Около часа дня консьержка в последний раз оглядела площадки верхних этажей, проверяя, все ли в порядке. Тем временем газовщик обнаружил утечку, вытащил из кожаной сумки с инструментами разводной ключ и с громким шумом закрутил гайку на трубе. Затем он крикнул женщине, что закончил работу, и начал спускаться. Она слышала, как он хлопнул дверью. Но Холмс, конечно же, остался в здании. В прошлый раз он обратил внимание на кладовку под лестницей. Уборщики хранили там метлы и ведра. На дверце висел приколоченный гвоздями небольшой засов. Конечно, у консьержки не было причин заглядывать в эту каморку, но на всякий случай я заскочил в дом и закрыл задвижку. Теперь доброй женщине и в голову не пришло бы, что кто-то может прятаться в запертой кладовке, даже если бы она вдруг об этом подумала. Чтобы еще немного отвлечь консьержку, я вышел на лестницу, потряс лотком и громко спросил, не желает ли кто-нибудь поддержать благое дело.
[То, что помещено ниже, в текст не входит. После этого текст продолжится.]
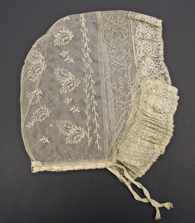 The image is of a beige lace fan. The fan is semi-circular in shape. The left side has a floral pattern with a mesh-like texture. A solid panel runs down the center. The right side features a more intricate lace design with a ruffled edge. A long, thin ribbon extends from the bottom for tying. The background is dark gray. The fan is titled "Cap" by an unknown artist.

Пожилая дама раздраженно ответила, что сегодня выходной и в доме, кроме нее, никого нет.

Через десять минут она ушла, повернув в двери ключ и оставив внутри Холмса с набором отмычек в сумке для инструментов. Чтобы отодвинуть засов на дверце кладовки, ему хватило нескольких секунд. Выбравшись наружу, Холмс вернул его в прежнее положение. Затем он проник в подсобное помещение магазина, в полной уверенности, что никто не придет сюда до самого понедельника. Снял ковер с задней стены и отодрал от нее две короткие доски. Пробравшись в узкую щель, сыщик оказался в темном подвале, пол которого был покрыт слоем щебня. Теперь Холмса отделяла от хранилища лишь стенка из тесаного камня.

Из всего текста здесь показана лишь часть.